Ran the real pipeline (deepseek-v4-pro + deepagents harness + Daytona) against the archive-amazon-shipping clawsbench task — the BF-10 canary, whose verifier reads live service state over HTTP, so a stateful pass is only possible if the Environment plane actually booted. The task ships task.toml (no task.md), so _environment_manifest_from_task_document returns None — there is no task-doc fallback to mask a missing manifest, which makes the A/B below clean.

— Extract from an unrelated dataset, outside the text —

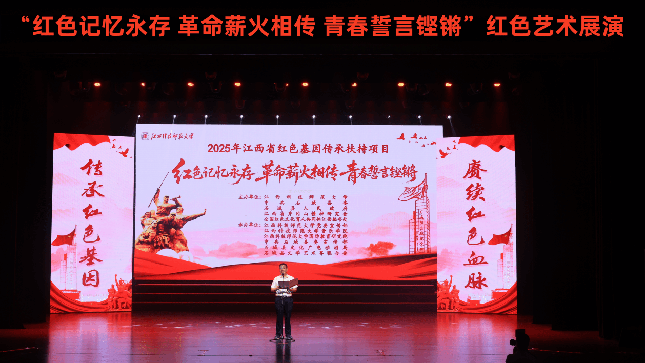 10月19日上午,2025年江西省红色基因传承扶持项目——“红色记忆永存 革命薪火相传 青春誓言铿锵”红色艺术展演在石城县文化艺术中心举行。我校党委委员、副校长李玉保,中共石城县委常委、宣传部部长钟慧敏,县委常委、组织部部长邓小兰,县委常委、政法委书记黄勇鹏,县人民政府副县长刘衍志,县政协副主席赖继红、赖晓琳等领导嘉宾出席活动,与现场观众共同感受红色艺术的魅力,聆听革命精神的回响。

S-axis binding resolved identically across all runs: clawsbench@v1sha256:6f156dec….

Bug #1 — sharded --state (A/B causation proof)

Identical command on both — eval … --state '{"name":"clawsbench","tools":["gmail"]}' --worker-concurrency 1 (forces the run_sharded_evaluation worker-subprocess path) — only the code differs:

Code under test Path Score Detail
pre-fix main 44c10a23 sharded worker 0/1 (0.0%) failed:1 — no env plane in the worker; verifier found wrong state
fix #804 d8a0a60f sharded worker 1/1 (100%) passed:1, verifier_errored:0, verifier reached the live gmail service

worker_count:1 in both confirms the sharded path was taken. Pre-fix, the worker received environment_manifest=None (the parent serialized only a manifest path, which is None for a --state run) → gmail service never started → 0.0. The fix serializes the resolved manifest object, so the worker boots the exact world the parent resolved.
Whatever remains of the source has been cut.